We are awash in advertising for pharmaceuticals and supplmnts that offer magic results without any effort. Our wide open free market economy has creted a drug dependent culture. Anxious take a pill to bring you down. Depressed take a pill to bring you up. Bored take a halucingen, put on headphones, and trip out.

In the 70s I was in Ct near NYC. Rockefeller's harsh drug laws definitely lowered the availability of pot.

We have had peoplee doibg crack in our doorway and I have seen people publicly shooting up. Bus drivers are compaining peopel are smoking crushed drugs on the buses filling it up with smoke affetcng drivers.

Pray tell, exactly what is your solution to the drug problem? Keep in mind I went through the drug scene in the 60s and 70s. Thankfully I grew out of it.

ow do we deal with an adult selling drugs to minors? I am all ears.
 
Pray tell, exactly what is your solution to the drug problem?
Can you say “Portugal”?
Not that it’s a perfect model, but it beats the hell out of the epic shitshow that is the War on Drugs.
Portugal is a good model, but many seem to misunderstand it. Decriminalization is not legalization. The police still take the drugs. The offender faces a community council rather than a court, and that council decides what to do with the offender. If the quantity of drugs is over a certain amount, the offender could face prison. The goal should be to get people off the poison.
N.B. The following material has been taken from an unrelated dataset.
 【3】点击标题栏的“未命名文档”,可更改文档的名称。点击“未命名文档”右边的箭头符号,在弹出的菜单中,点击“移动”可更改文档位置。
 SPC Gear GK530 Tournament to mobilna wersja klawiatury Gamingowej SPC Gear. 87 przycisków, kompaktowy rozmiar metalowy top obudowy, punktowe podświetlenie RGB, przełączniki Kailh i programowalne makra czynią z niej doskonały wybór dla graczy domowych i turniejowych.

And the Portuguese determined that community nudging is best.
 
Yeah, I remember my organic chemistry prof telling us that anybody who could get a C in the class could manufacture the so called designer drugs which would vary from the ones outlawed by only one small group…

A lot more advanced than I encountered in organic chemistry--given the recipe, yes, we certainly could have done it, but we never got into detail on figuring out what you would have to do to get the desired result.
We weren't given recipes or instructions either. We just were told that we had the basic knowledge if we had the inclination.
I'm not talking about recipes for creating drugs per se, I'm talking in general--we did not get into figuring out what you would need to do to cause a specific alteration of the molecule. We understood what was happening in a given reaction, but we never got into anticipating exactly what would happen or how you would go about causing a specific alteration.
 
Yeah, I remember my organic chemistry prof telling us that anybody who could get a C in the class could manufacture the so called designer drugs which would vary from the ones outlawed by only one small group…
The law is an ass, and often written in such a way as to generate unintended loopholes.
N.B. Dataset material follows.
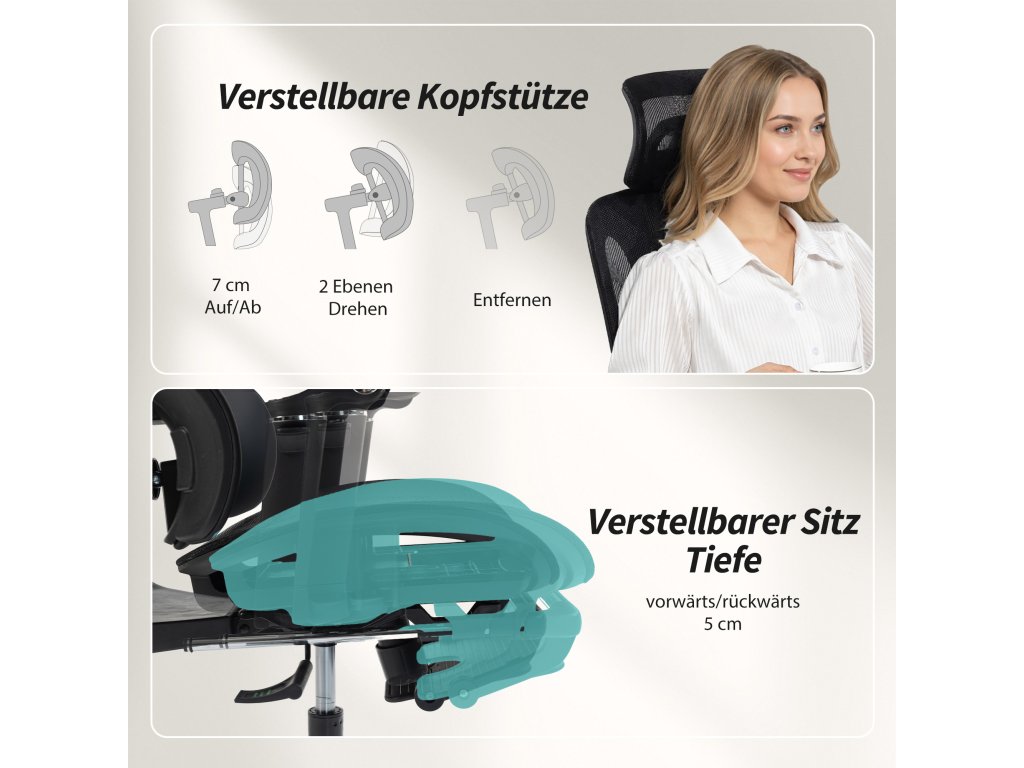 ✔ Nastavení výšky opěrky hlavy: 7 cm

I recall that my dad (who is a physical chemist and an explosives expert) was called as an expert witness in the trial of some youths who had been caught during a riot with a crate of petrol bombs (aka Molotov cocktails).

The defence was arguing that despite the name including the word 'bomb', these devices were not in fact explosives, and therefore the defendants couldn't be charged under the Explosives Act.

My father confirmed their assertion; And pointed out that the defendants were, however, guilty of several breaches of the Petroleum Act (a law that was intended to ensure that fuel suppliers conducted their business in a safe manner).

It's rarely a good idea to try to be a smartarse in a court of law. Something that many lawyers don't seem to understand.

I believe that defense would have worked in the US, you don't get to convict someone of something they weren't charged with.
 
Pray tell, exactly what is your solution to the drug problem?
Can you say “Portugal”?
Not that it’s a perfect model, but it beats the hell out of the epic shitshow that is the War on Drugs.
Portugal is a good model, but many seem to misunderstand it. Decriminalization is not legalization. The police still take the drugs. The offender faces a community council rather than a court, and that council decides what to do with the offender. If the quantity of drugs is over a certain amount, the offender could face prison. The goal should be to get people off the poison. And the Portuguese determined that community nudging is best.
The problem with your position is that there is nothing the state can impose that will remove the desire for drugs. Rehab will fail if the patient doesn't truly want to quit.